The West Highland Railway Lines

The Kyle Line

From Inverness to Kyle of Lochalsh.
Leaving Inverness, the line curves around the western edge of the Beauly Firth to Dingwall before heading West through mountains and lochs, through Strath Bran and Glen Carron, before the final few miles from Strath Carron, alongside Loch Carron into the small port of Kyle of Lochalsh on the West Coast.

Kyle of Lochalsh was a one-time ferry port for the Isle of Skye, before the opening of the nearby road bridge in 1995.

Train frequency: Inverness-Kyle – two return trips each day; one on Sundays.
Journey time – 2 and a half hours (one-way)

This is one of the truly wonderful train trips in the UK, the scenery is spectucular and no matter how often you travel it the views are different.

From snow covered peaks to mirror like lochs, small hamlets such as Plockton (location for the BBC’s series Hamish Macbeth and some scenes from The Wicker Man) and Strathcarron, this is eye popping countryside.

Here are just a few pictures taken during the train ride.

Click on any of the photos to see an enlargement.

Loch carron 1 Loch Carron 2 Loch Carron 3 Loch Carron 5
Loch Carron
Near Attadale
Loch Carron
Near Strome Ferry
Near Druirinish
The Kyle Line
Loch Carron
Near Attadale

This is a rail trip not to be missed, bookings can be made on line.

The West Highland Line

From Fort William to Mallaig
The West Highland Line could be said to start from Glasgow, then it splits some 40 miles north of the city and offers two wonderful trips, carrying travellers either across to the west coast and Oban, or northward to Fort William and Mallaig.

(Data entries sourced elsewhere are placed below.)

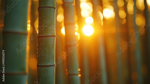 Sunset illuminating bamboo forest.
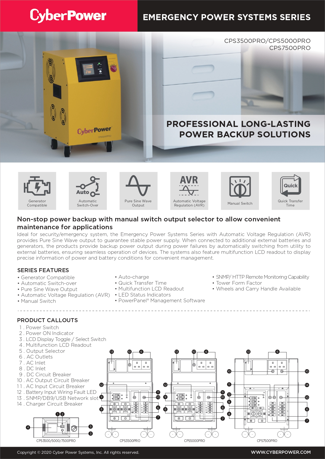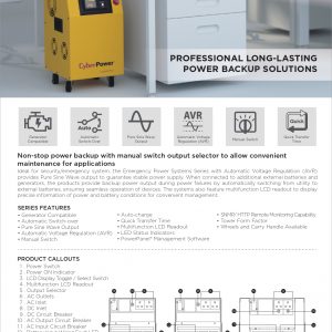 - CyberPower Emergency Power Systems เครื่องสำรองไฟฟ้าฉุกเฉิน เหมาะกับการที่ต้อง Backup time มากกว่า 1 ชั่วโมง
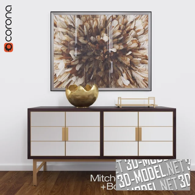 Современный комод DELANEY, производства Mitchell Gold + Bob Williams. Гармоничным дополнением служит картина, позолоченная чаша и подставка. Такая универсальная композиция подойдет для интерьеров как в классическом, так и в современном стилях.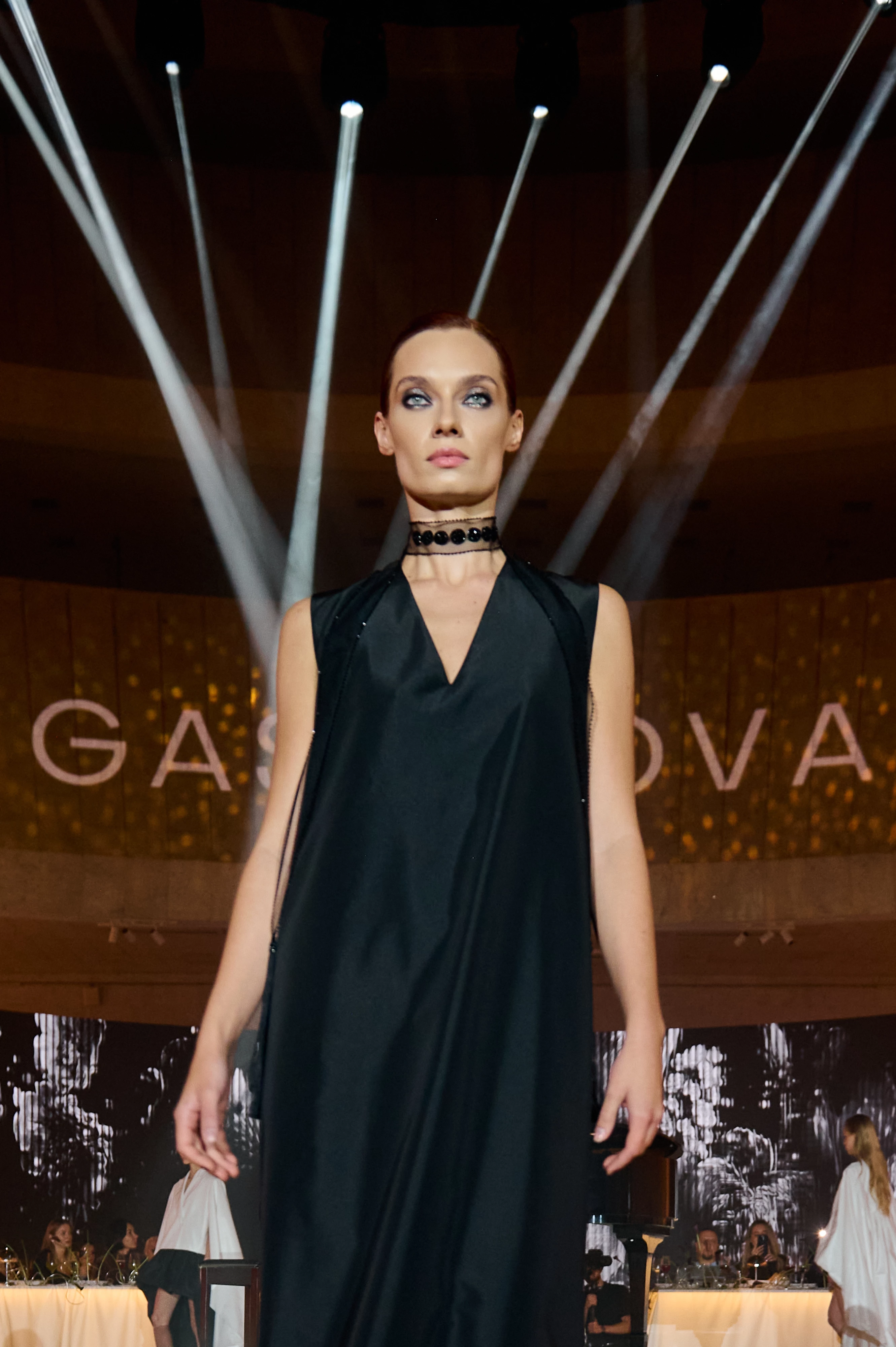 До колекції увійшло 30 суконь різноманітних силуетів — від моделей з акцентними плечима й довгими шлейфами до обʼємних суконь з рюшами та прозорих приталених форм, інкрустованих кристалами. Колірна палітра витримана в елегантних чорних і білих відтінках. "Кожна сукня — унікальний витвір ручної роботи, що народився з багатогодинної праці, внутрішньої тиші та глибокої зосередженості. Хотілося, щоб за формою залишалося відчуття душі — не просто показати моду, а розповісти про українську силу через мистецтво високої моди. Це вимагало колосальної концентрації й емоційної витривалості", — розповідає Ельвіра Гасанова, яка продемонструвала зовсім іншу грань бренду Gasanova, героїня якої помітно подорослішала, а замість звичного блиску відтепер обирає гру пропорцій та об'ємів. Проте незмінним остається головне — чуттєвість і глибина кожного образу.
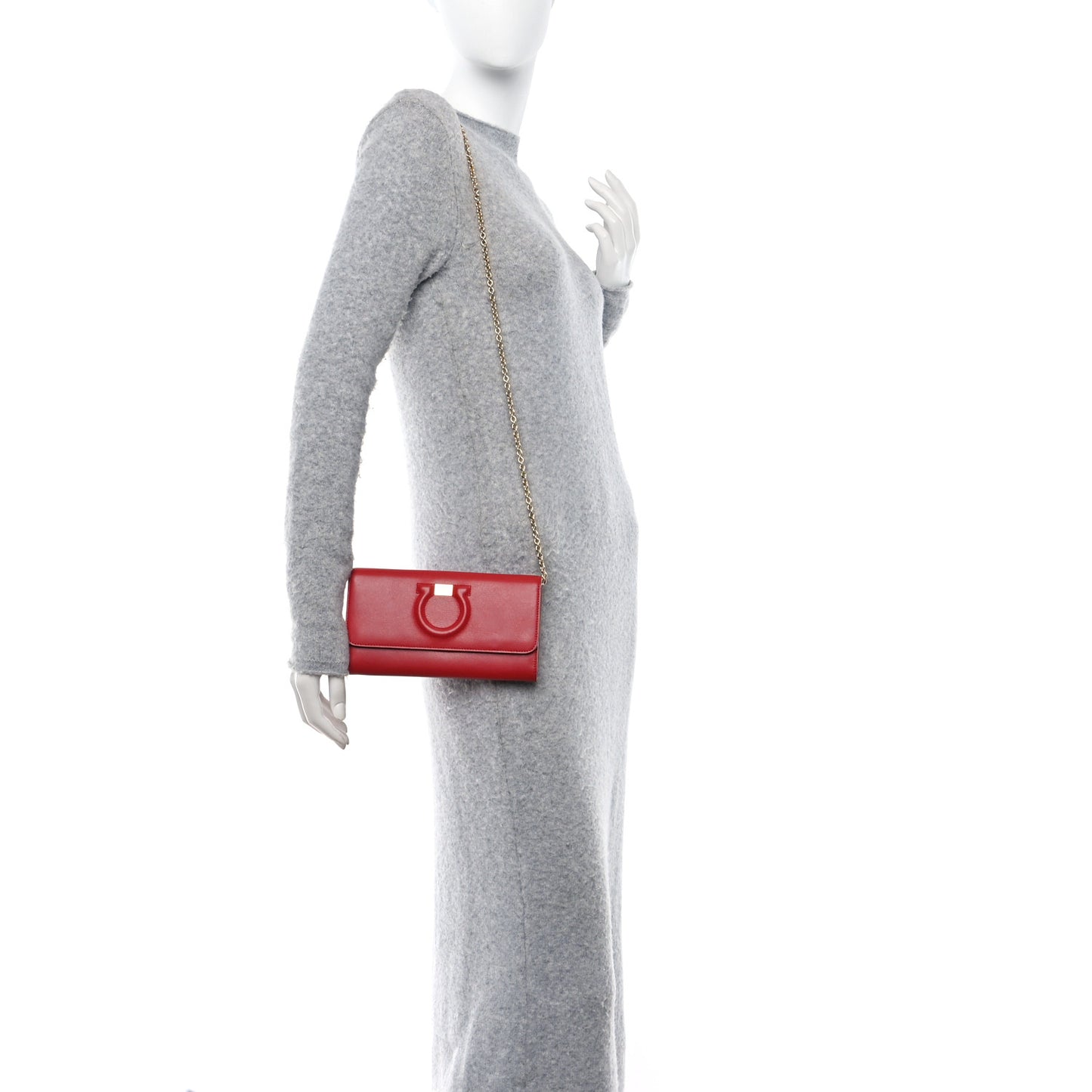 Salvatore Ferragamo/ Bags/ Handbags /Salvatore Ferragamo Calfskin City Wallet On Chain Red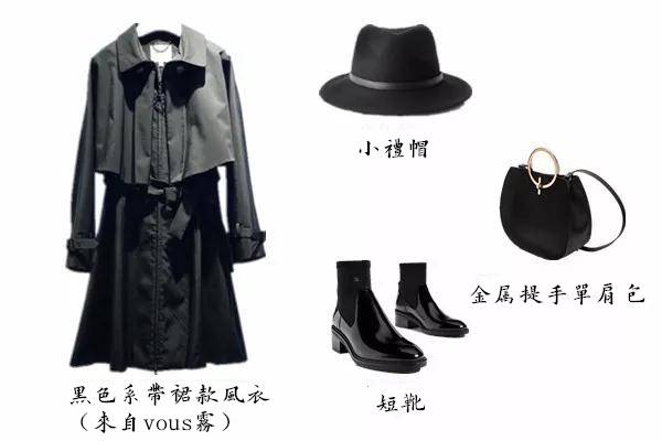 一条腰带风衣变裙子,不用操心要什么内搭,黑色的风衣更是简单,一身全黑的搭配就是安全的选择,搭个小礼包和手提包更是优雅~

It is the section from Fort William to Mallaig that I find most scenic and that is the part I want to share here today.

From Fort William you hug the bank of Loch Eil for almost six and a half miles before experiencing the iconic curve of the Glenfinnan Viaduct, immortalised by the Harry Potter films as part of the route to Hogwarts.

The station at Glenfinnan boasts a restored dining car for delicious home baking or a light lunch, also visit the Museum Exhibition to find out how the railway from Glasgow to Mallaig was built, and learn about the men who built it.

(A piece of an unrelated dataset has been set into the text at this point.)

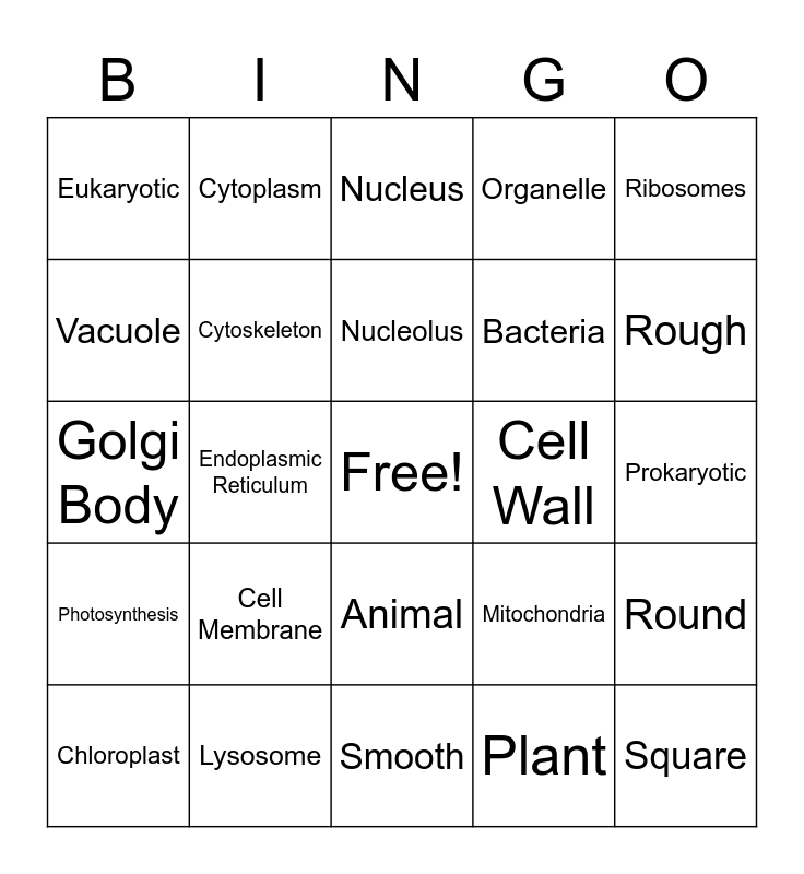 This bingo card has a free space and 24 words: Cell Membrane, Lysosome, Nucleolus, Chloroplast, Ribosomes, Eukaryotic, Vacuole, Cytoplasm, Cell Wall, Animal, Bacteria, Golgi Body, Mitochondria, Round, Cytoskeleton, Plant, Prokaryotic, Nucleus, Rough, Endoplasmic Reticulum, Square, Photosynthesis, Organelle and Smooth.

Fort William Station 1 Caledonian Canal 2 Glenfinnan Viaduct 3 Glenfinnan Station
Fort William
The Caledonian Canal
Near Fort William
Glenfinnan Viaduct

After enjoying the stark beauty of Lochs Eilt, Ailort and Nan Uamh you’ll find yourself in yet another movie location as Morar’s sandy shores glide into view, home to the characters of Local Hero. And before you know it, you’ll have reached Mallaig where the views to the Isle of Skye will surely tempt you into taking the short ferry trip across to the island itself.

Tickets can be purchased at Fort William Station or in advance through Scotrail. The journey time between Fort William and Mallaig takes just under 1½ hours.
Glenfinnan Loch Shiel 2 Near Beasdale Station 3 Mallaig Station
Loch Shiel
Near Beasdale Station

Mallaig is a lovely place to visit and there are plenty of opportunities to have lunch or just walk along the pier and admire the fishing boats.
If you get an early enough train, in most cases you would still have time for a sail across to The Isle of Skye.
Only about 200 yards from Mallaig Station is the Cal-Mac booking office and the foot passenger ticket is very reasonably priced, but be quick, it's a long walk back to Fort William if you dally too long.